Audit trail is a very powerful mechanism. But the audit data are strictly chronological. It may not be entirely easy to get the information on who requested and approved this particular role assignment - especially if that happened several years ago and the audit trail has been moved to the data warehouse in the meantime. Therefore in addition to the audit trail midPoint also maintains assignment metadata. The metadata includes the identifier of requestor and approver for each specific assignment as well as timestamps, owner of the process that actually executed the change and other additional data. The metadata are maintained together with the assignment, therefore they are easily available for inspection. Although the audit log data are the authoritative source of information, the metadata are a very convenient way how to get the information quickly and in a very convenient way.
Deputy
There is often a need to temporarily delegate part of privileges of one user to another user. This is often the case when a user leaves for a vacation or longer business travel and the user will not bee able to fully attend to his responsibilities. This type of delegation is very difficult to address algorithmically because it usually happens on ad-hoc basis. Therefore midPoint 3.5 has a special feature that enables this kind of temporary ad-hoc delegation: the user can make a temporary delegation of a subset of his privileges to his deputy. There is a special control for delegating deputies in midPoint user interface.

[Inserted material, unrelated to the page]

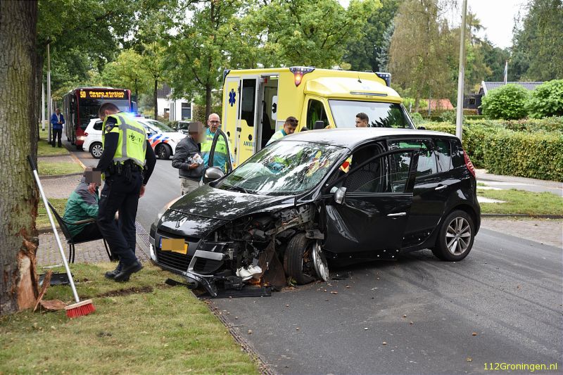 Auto botst tegen boom in Haren

The deputy "inherits" part of the privileges for a temporary time period. If these privileges defined new accounts or new entitlements for the user, these accounts will be created for the deputy and/or entitlements will be assigned. The deputy will gain access to the parts of the midPoint administration interface that correspond to the delegated privileges. The deputy will have access to the work items (approvals) of the delegating user, so he can tend to his responsibilities. When the time set for the delegation expires then all those privileges will be automatically revoked. The accounts that were created just because of the delegation will be disabled or deleted and the extra entitlements will be revoked. The situation will automatically revert to the normal state.
The ability to delegate to deputies is controlled by midPoint fine-graned authorization mechanism. Therefore not all users can delegate any privileges to any deputy. This ability can be strictly limited to only subset of users, subset of deputies and only to some selected roles.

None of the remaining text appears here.